◆ **WHAT IS BEING ASKED**: All that is wanted is the exact lines from the first line of the data below through the line with "أفريقيا برس –", both ends included, with pictures omitted.

(Records from a data collection)
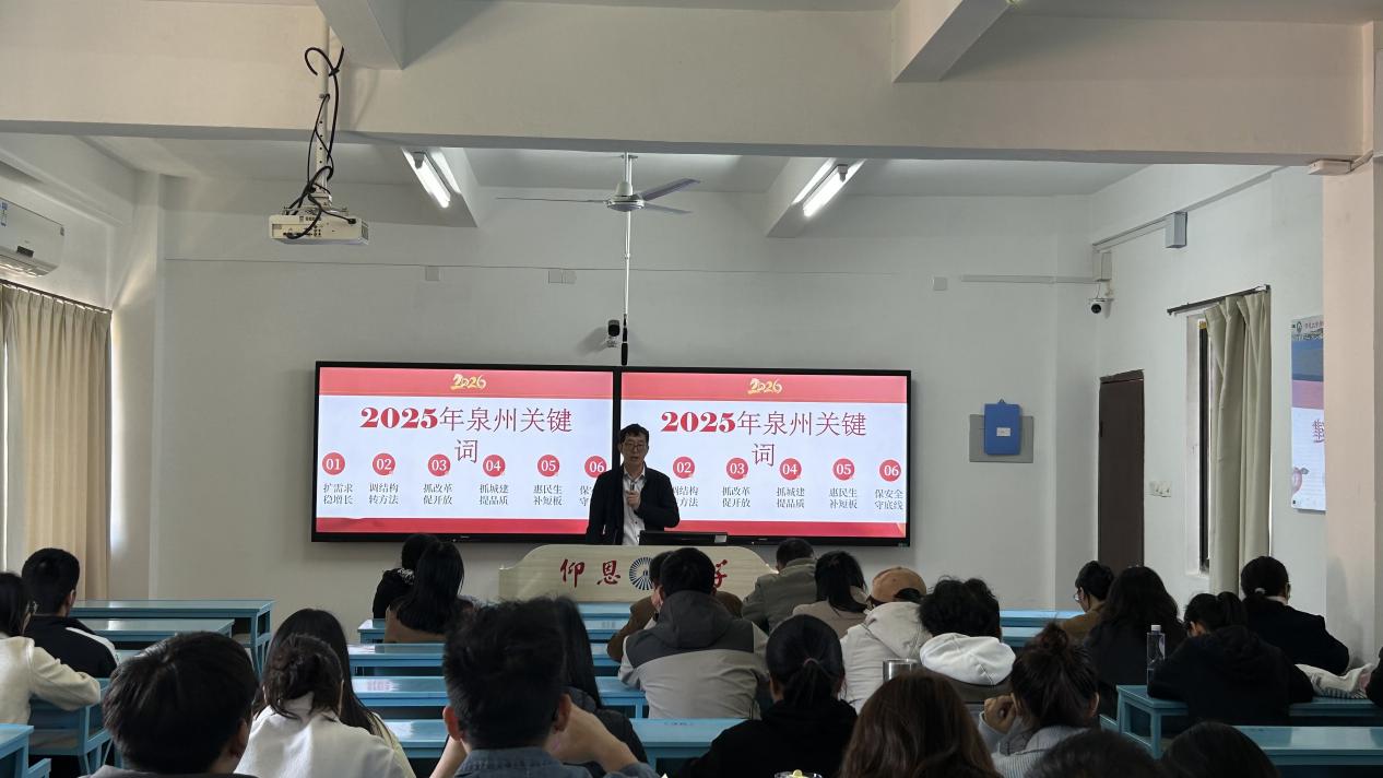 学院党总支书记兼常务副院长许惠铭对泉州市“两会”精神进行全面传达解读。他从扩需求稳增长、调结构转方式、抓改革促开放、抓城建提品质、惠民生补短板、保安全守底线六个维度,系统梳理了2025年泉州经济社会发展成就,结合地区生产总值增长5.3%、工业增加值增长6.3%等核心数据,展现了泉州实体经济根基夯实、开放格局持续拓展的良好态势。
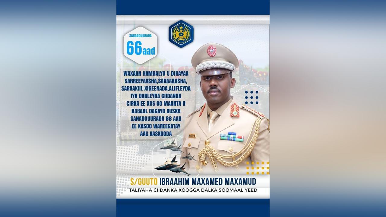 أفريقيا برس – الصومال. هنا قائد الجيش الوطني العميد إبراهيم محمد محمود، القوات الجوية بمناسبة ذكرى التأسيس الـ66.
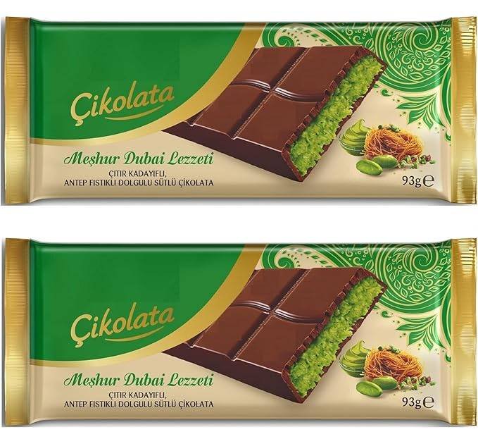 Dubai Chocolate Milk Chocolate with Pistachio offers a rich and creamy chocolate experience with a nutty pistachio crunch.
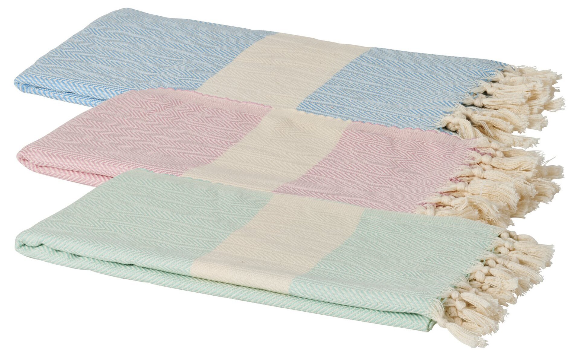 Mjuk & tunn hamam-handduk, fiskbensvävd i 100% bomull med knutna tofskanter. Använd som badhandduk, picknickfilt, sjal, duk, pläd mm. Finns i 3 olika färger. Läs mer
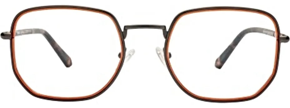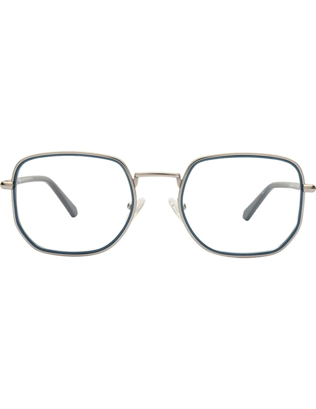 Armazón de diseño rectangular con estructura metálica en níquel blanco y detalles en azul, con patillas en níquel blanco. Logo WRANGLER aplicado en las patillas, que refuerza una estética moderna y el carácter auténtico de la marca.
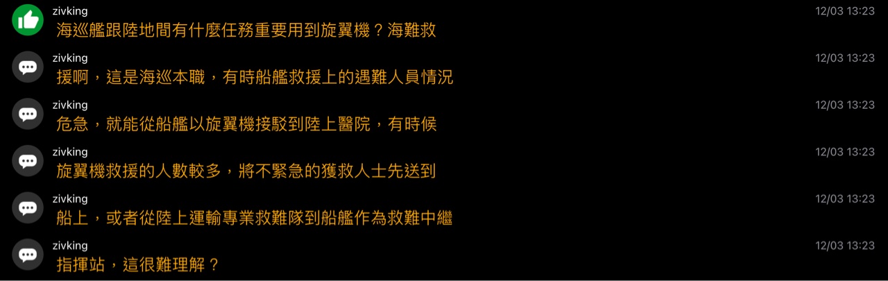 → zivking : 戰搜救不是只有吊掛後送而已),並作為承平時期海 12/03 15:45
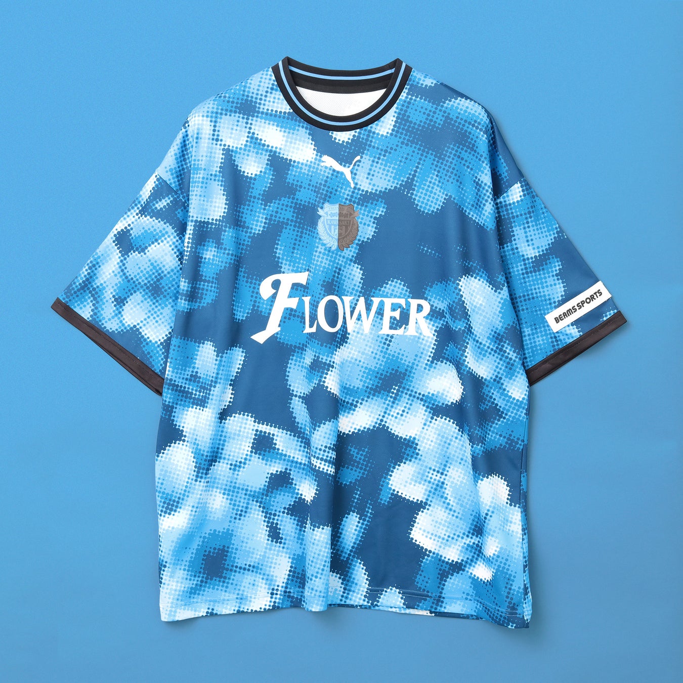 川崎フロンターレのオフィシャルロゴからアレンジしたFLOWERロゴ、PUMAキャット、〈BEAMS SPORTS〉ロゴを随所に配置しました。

◆ **EXPECTED ANSWER**:
 学院党总支书记兼常务副院长许惠铭对泉州市“两会”精神进行全面传达解读。他从扩需求稳增长、调结构转方式、抓改革促开放、抓城建提品质、惠民生补短板、保安全守底线六个维度,系统梳理了2025年泉州经济社会发展成就,结合地区生产总值增长5.3%、工业增加值增长6.3%等核心数据,展现了泉州实体经济根基夯实、开放格局持续拓展的良好态势。
 أفريقيا برس – الصومال. هنا قائد الجيش الوطني العميد إبراهيم محمد محمود، القوات الجوية بمناسبة ذكرى التأسيس الـ66.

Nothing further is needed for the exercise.